*** PROVIDED DATA ***
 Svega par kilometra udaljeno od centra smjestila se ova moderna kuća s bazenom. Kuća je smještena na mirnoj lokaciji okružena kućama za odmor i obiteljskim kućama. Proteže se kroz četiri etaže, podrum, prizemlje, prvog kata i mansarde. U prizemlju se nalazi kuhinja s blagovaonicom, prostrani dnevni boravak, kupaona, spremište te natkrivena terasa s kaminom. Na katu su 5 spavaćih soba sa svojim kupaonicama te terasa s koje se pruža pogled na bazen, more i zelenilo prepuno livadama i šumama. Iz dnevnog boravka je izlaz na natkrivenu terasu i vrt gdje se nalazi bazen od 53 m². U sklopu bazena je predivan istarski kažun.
*** End of PROVIDED DATA ***
*** PROVIDED DATA ***
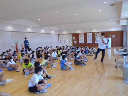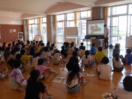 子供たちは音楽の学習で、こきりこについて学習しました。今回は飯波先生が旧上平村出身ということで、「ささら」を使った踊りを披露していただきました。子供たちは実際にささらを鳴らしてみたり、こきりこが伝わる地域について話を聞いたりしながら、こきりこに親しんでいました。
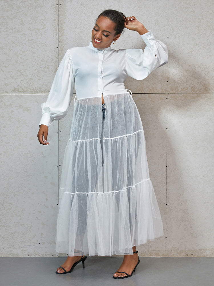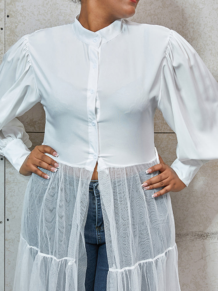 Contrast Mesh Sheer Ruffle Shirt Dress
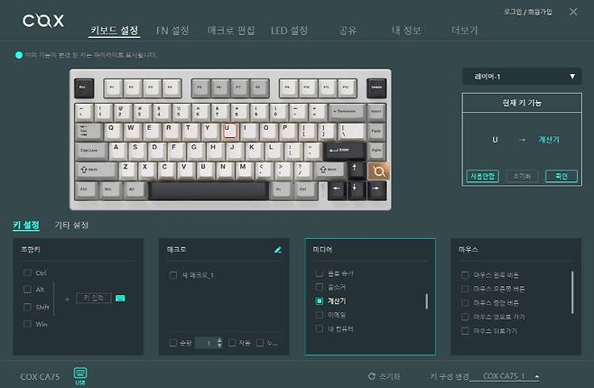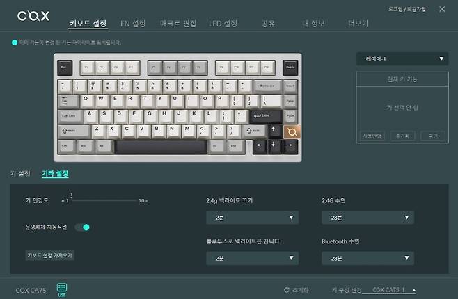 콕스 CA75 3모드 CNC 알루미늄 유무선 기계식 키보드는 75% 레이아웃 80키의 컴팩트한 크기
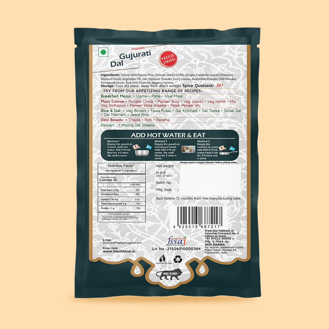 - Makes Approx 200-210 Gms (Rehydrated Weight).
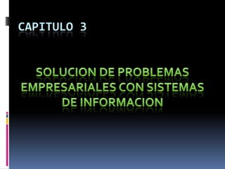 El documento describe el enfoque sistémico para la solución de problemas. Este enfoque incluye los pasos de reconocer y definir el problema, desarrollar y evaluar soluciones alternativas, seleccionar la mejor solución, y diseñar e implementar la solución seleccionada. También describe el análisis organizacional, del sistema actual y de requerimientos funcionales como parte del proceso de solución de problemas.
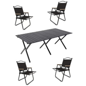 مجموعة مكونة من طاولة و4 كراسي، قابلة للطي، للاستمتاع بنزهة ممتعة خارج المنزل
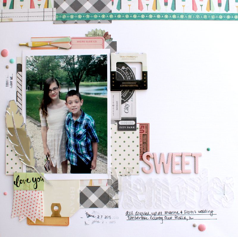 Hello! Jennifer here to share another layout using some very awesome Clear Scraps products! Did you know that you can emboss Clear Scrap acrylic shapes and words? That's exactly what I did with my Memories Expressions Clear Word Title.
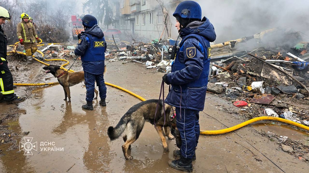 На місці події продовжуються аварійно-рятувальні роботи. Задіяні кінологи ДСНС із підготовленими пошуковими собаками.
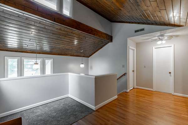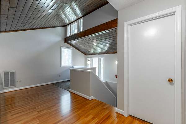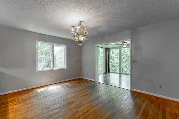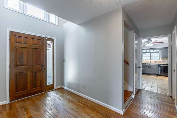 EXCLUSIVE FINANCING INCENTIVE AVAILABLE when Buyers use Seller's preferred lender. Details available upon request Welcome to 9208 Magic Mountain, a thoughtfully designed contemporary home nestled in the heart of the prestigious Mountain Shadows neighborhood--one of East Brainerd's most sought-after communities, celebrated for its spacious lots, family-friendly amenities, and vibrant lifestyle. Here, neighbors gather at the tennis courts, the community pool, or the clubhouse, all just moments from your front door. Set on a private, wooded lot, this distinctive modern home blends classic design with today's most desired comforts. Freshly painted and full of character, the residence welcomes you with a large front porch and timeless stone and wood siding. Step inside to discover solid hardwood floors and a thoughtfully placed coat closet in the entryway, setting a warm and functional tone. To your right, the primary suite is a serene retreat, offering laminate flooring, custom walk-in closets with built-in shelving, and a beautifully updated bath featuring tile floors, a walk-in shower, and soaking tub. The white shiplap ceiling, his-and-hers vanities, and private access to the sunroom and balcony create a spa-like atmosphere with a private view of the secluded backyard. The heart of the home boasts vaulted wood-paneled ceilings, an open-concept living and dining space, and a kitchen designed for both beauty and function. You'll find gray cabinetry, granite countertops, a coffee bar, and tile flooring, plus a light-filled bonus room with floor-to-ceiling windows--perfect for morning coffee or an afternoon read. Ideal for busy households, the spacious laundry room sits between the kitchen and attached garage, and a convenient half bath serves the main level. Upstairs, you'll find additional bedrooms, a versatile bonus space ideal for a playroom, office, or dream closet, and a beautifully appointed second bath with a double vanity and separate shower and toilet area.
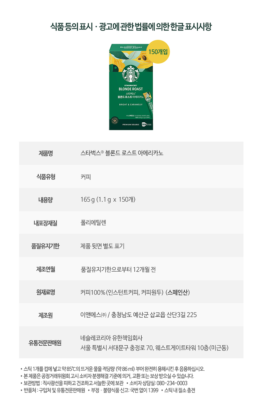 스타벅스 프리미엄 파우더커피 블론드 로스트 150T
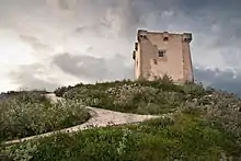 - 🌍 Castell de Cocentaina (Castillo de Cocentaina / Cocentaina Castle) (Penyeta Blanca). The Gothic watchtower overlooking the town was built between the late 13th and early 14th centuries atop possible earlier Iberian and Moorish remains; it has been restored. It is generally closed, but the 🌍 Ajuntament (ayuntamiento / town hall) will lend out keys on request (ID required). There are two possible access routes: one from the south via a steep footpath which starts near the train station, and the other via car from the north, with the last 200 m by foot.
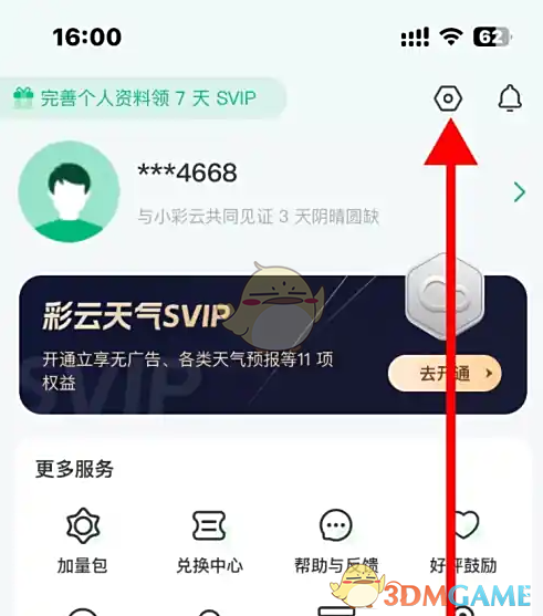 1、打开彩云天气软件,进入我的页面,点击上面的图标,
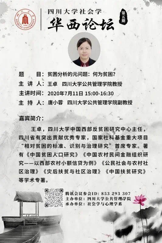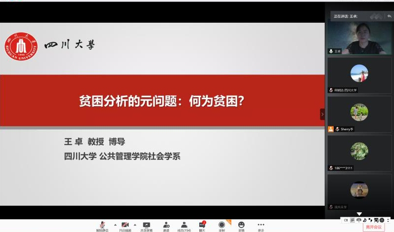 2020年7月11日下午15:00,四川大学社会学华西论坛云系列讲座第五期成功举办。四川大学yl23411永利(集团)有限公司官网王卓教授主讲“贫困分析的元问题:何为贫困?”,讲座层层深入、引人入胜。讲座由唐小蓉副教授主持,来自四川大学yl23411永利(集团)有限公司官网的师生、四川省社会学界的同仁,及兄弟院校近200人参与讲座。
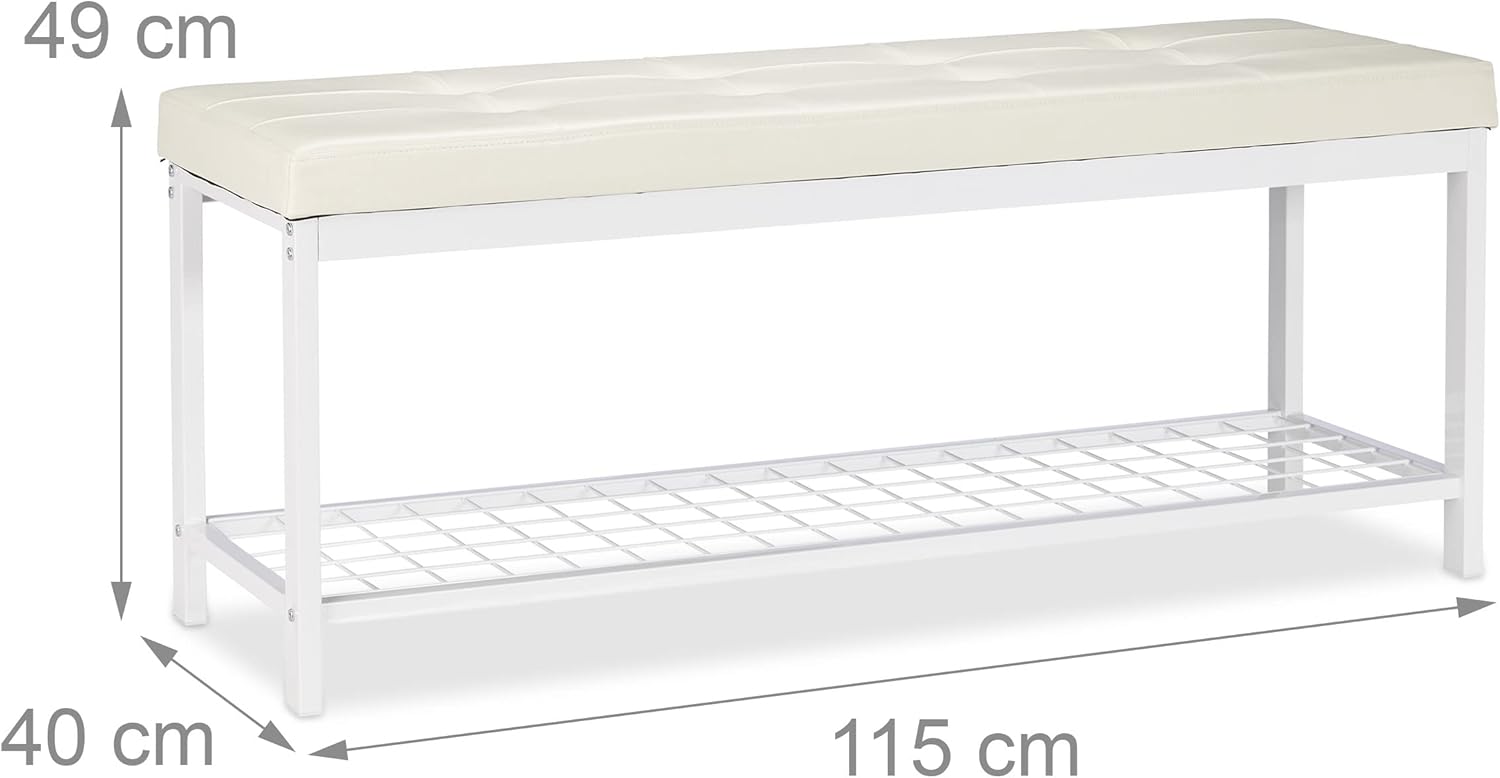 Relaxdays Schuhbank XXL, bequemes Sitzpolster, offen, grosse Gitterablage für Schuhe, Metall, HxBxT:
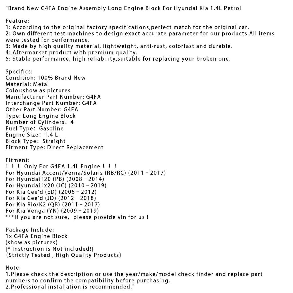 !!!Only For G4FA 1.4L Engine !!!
*** End of PROVIDED DATA ***
*** PROVIDED DATA ***
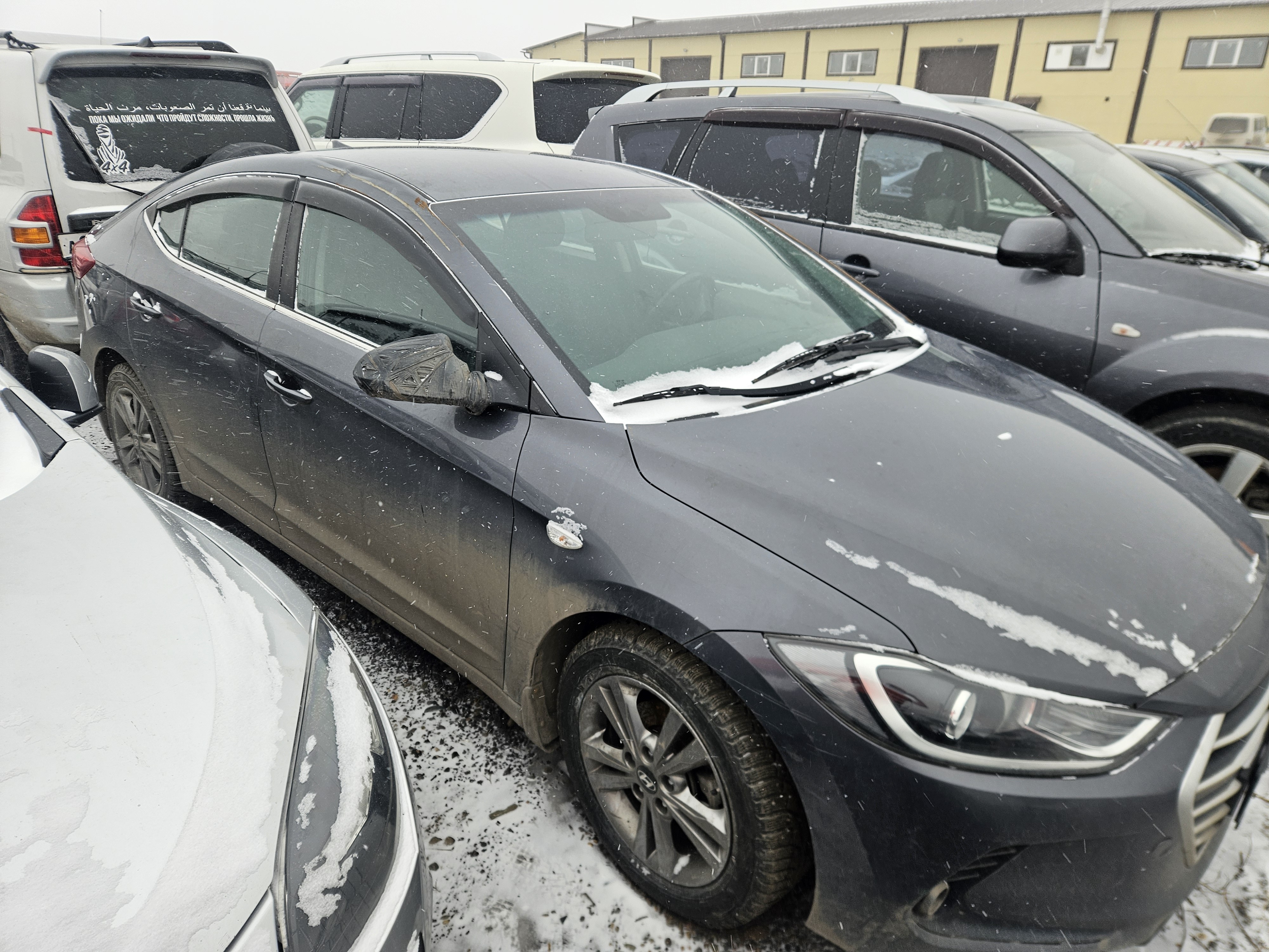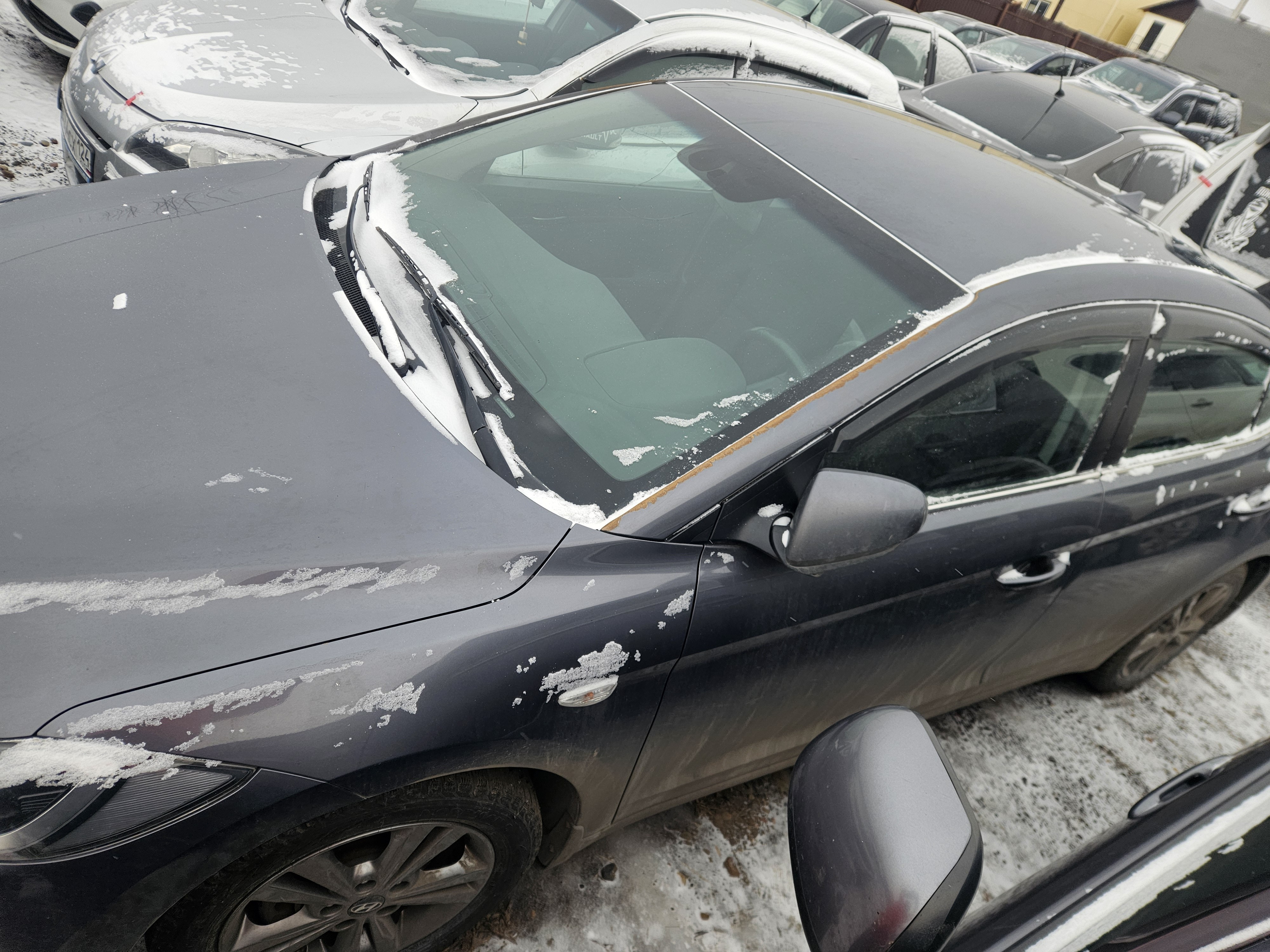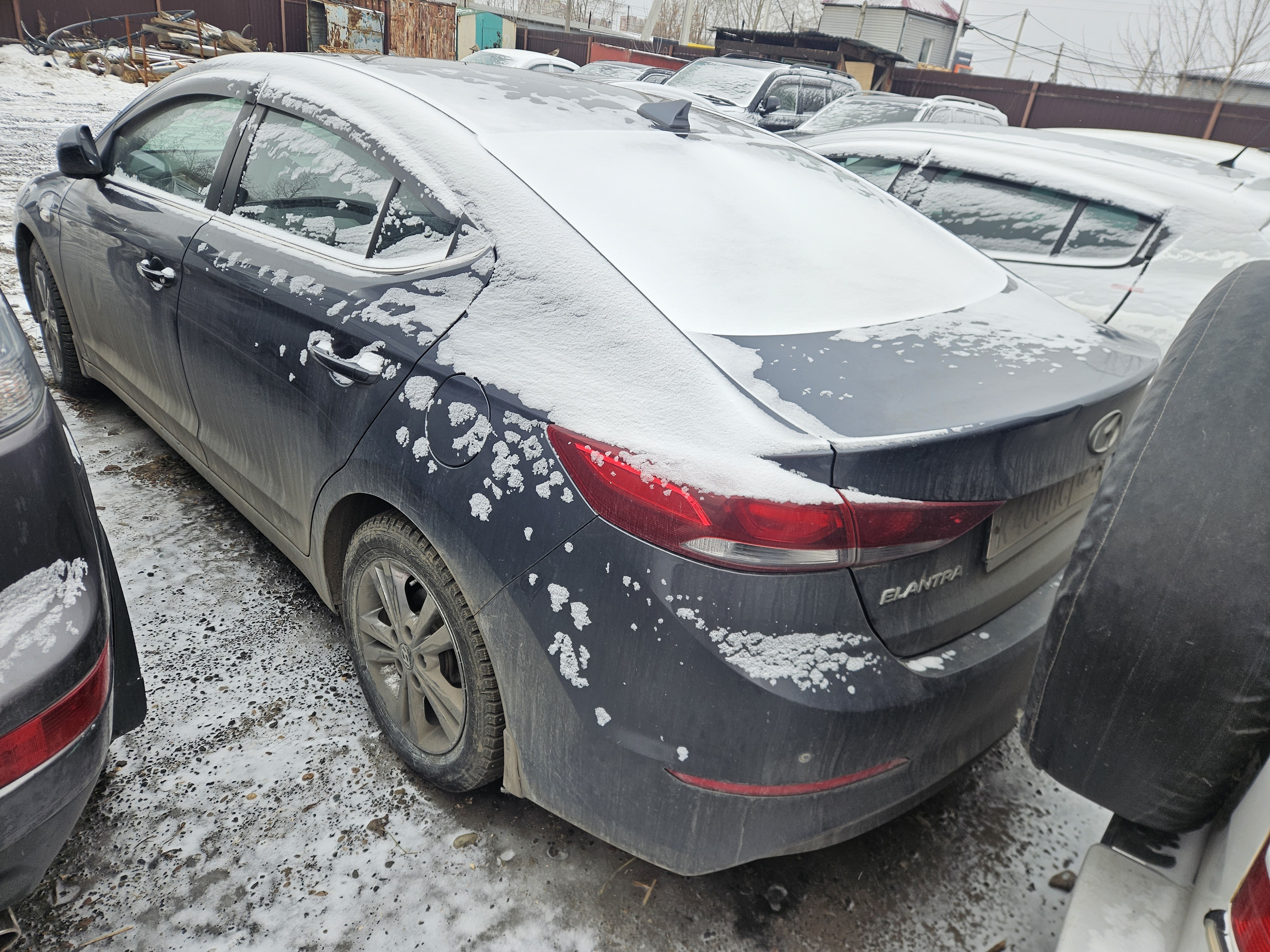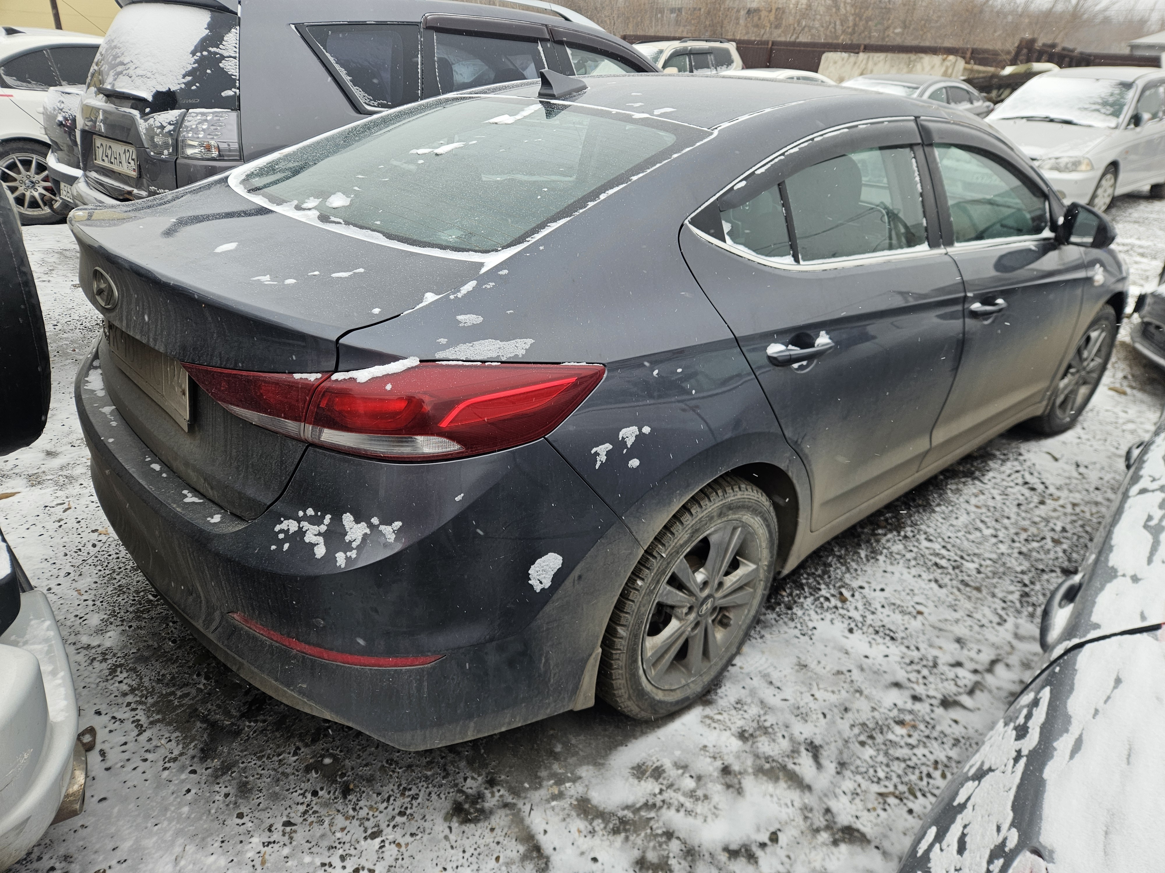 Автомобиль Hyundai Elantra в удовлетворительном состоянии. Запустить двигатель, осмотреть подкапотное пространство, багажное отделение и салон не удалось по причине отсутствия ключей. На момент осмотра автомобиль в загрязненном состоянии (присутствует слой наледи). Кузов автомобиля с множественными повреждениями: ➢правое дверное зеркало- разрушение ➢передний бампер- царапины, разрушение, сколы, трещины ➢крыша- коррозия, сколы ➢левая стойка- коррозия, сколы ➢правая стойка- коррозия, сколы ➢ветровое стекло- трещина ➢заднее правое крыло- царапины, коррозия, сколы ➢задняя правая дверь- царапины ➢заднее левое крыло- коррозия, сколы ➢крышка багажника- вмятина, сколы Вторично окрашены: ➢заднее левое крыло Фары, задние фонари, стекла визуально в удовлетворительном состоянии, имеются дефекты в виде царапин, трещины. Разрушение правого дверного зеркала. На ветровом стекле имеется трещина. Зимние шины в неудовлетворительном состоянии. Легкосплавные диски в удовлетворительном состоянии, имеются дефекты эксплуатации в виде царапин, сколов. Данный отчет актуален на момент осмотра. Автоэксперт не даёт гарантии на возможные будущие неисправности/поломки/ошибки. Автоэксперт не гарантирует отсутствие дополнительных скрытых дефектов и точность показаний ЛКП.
*** End of PROVIDED DATA ***
**WHAT IS EXPECTED**
Take the material above from the line bearing "Hello! Jennifer here" through the line bearing "На місці події" and write it out exactly, both end lines included. Pictures stay out.

**TASK RESULT**
 Hello! Jennifer here to share another layout using some very awesome Clear Scraps products! Did you know that you can emboss Clear Scrap acrylic shapes and words? That's exactly what I did with my Memories Expressions Clear Word Title.
 На місці події продовжуються аварійно-рятувальні роботи. Задіяні кінологи ДСНС із підготовленими пошуковими собаками.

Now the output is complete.